The leaders of the 16-nation Eurogroup will hold a summit in Brussels on Friday to "draw initial conclusions from the Greek crisis", he added.

Shoring up confidence

Gavin Hewitt
Gavin Hewitt
BBC Europe editor

This was a day the European Union never imagined - that what could turn out to be the largest bail-out ever would be needed by a country using the euro.

Rescuing Greece remains very unpopular, especially in Germany, but German Chancellor Angela Merkel said it was the only way to ensure the stability of the single currency.

What persuaded eurozone countries and the IMF to lend Greece such a large sum was the fear that if Greece defaulted other countries like Portugal or even Spain could follow. Plenty of doubts remain, however.

The Greek economy will shrink by 4% this year and today's cuts could deepen the recession.

What the plan does do is to buy time and shelter Greece from the fierce winds of the markets.

The IMF is expected to approve its portion of the loan this week, IMF managing director Dominique Strauss-Kahn said.

In return for the financial support, the Greek government has unveiled a fresh round of sweeping efficiencies, including further tax rises and deeper cuts in pensions and public service pay.

The Eurogroup is trying to speed up rescue efforts for Greece amid fears its debt crisis could undermine other debt-laden states that use the single currency. Anxiety about contagion has focused on Portugal, Spain and the Republic of Ireland.

Germany has been the most reluctant to bail out Greece, but its Economy Minister Rainer Bruederle said there was a "good chance" of getting German parliamentary agreement by Friday.

Yet he said Greece had to implement its new austerity programme "quickly" and "to the letter".

'Evident' anger

The Greek economy is still deep in recession and on Sunday the government forecast that GDP would fall by 4% in 2010.

The country's national debt - currently at about 115% of GDP - would rise to 149% by 2013 before falling, it added.

It is not going to be easy on Greek citizens, despite the efforts that have been made and will continue to be made to protect the weakest in society
George Papaconstantinou
Greek Finance Minister

Mr Papandreou told a televised cabinet meeting that active and retired public sector workers would bear the brunt of the new wave of budget cuts.

"With our decision today our citizens will have to make great sacrifices," he said, describing public anger at the new wave of cutbacks as "evident".

"Our national red line is to avoid bankruptcy," Mr Papandreou said, adding that "no-one could have imagined" the size of the debt that the previous government, which left office last year, had left behind.

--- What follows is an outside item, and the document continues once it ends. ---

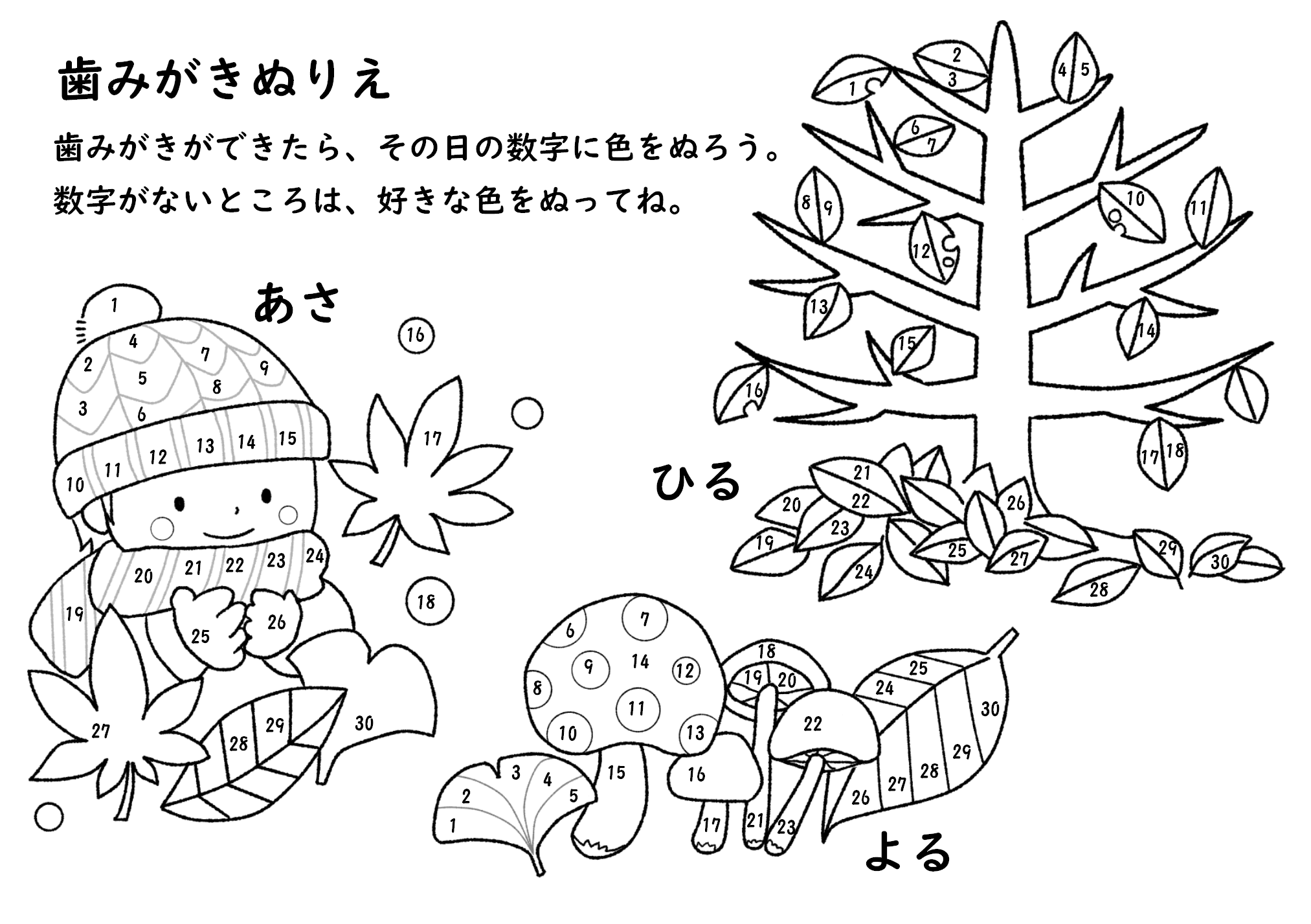秋(11月)の歯みがきぬり絵です。数字あり(1~30)となしの2種類あります。各イラストのぬり絵ver.もありますので、歯みがきの他、お子さんのスモールステップの記録用や息抜きのぬり絵等、さまざまな用途でご利用いただけます。

The austerity plan aims to achieve fresh budget cuts of 30bn euros over three years - with the goal of cutting Greece's public deficit to less than 3% of GDP by 2014. It currently stands at 13.6%.

Measures include:

  • Scrapping bonus payments for public sector workers
  • Capping annual holiday bonuses and axing them for higher earners
  • Banning increases in public sector salaries and pensions for at least three years
  • Increasing VAT from 21% to 23%
  • Raising taxes on fuel, alcohol and tobacco by 10%
  • Taxing illegal construction

Finance Minister George Papaconstantinou said Greece had been called on to make a "basic choice between collapse or salvation".

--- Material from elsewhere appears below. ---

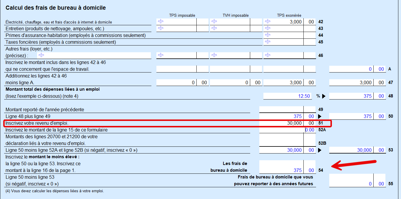 @josecat Si vous utilisez TurboImpôt Bureau, dans le formulaire T777, vous avez une case où il faut entrer le salaire concerné par ses dépenses d'emploi (voir image qui suit):

"It is not going to be easy on Greek citizens, despite the efforts that have been made and will continue to be made to protect the weakest in society."

New emergency legislation authorising the cuts and tax rises is now being drafted and is due to be put before parliament for approval by the end of the week.

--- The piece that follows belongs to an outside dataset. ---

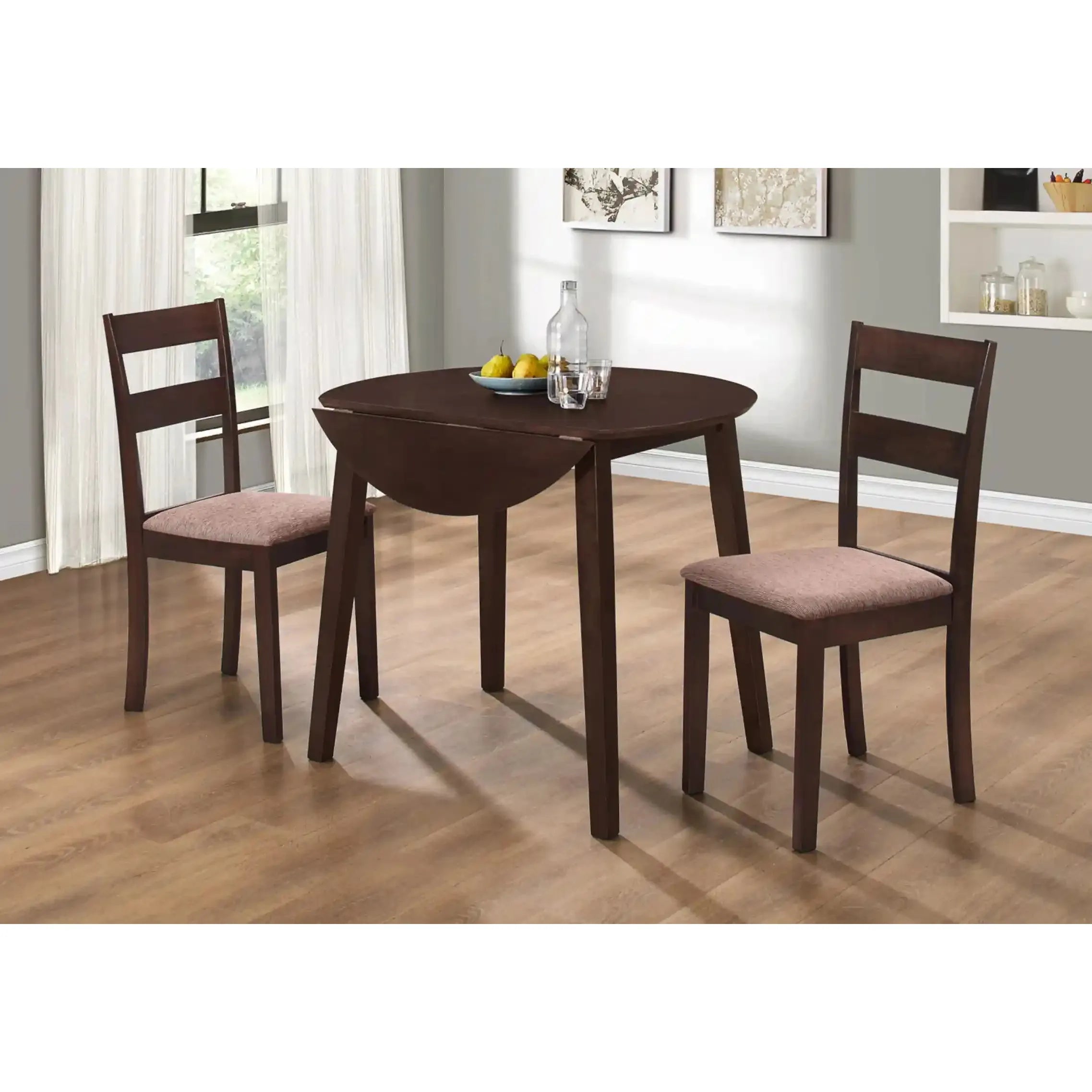 3-Piece Drop Leaf Dining Set with Fabric Cushioned Chairs

However unions have vowed to fight the round of austerity measures. The third nationwide general strike in as many months is scheduled for Wednesday.

German Chancellor Angela Merkel said Greece's austerity plans were "very ambitious" and would spur other troubled eurozone members to do all they could to avoid the same fate.

"These countries can see that the path taken by Greece with the IMF is not an easy one. As a result they will do all they can to avoid this themselves," Mrs Merkel told the Bild am Sonntag newspaper.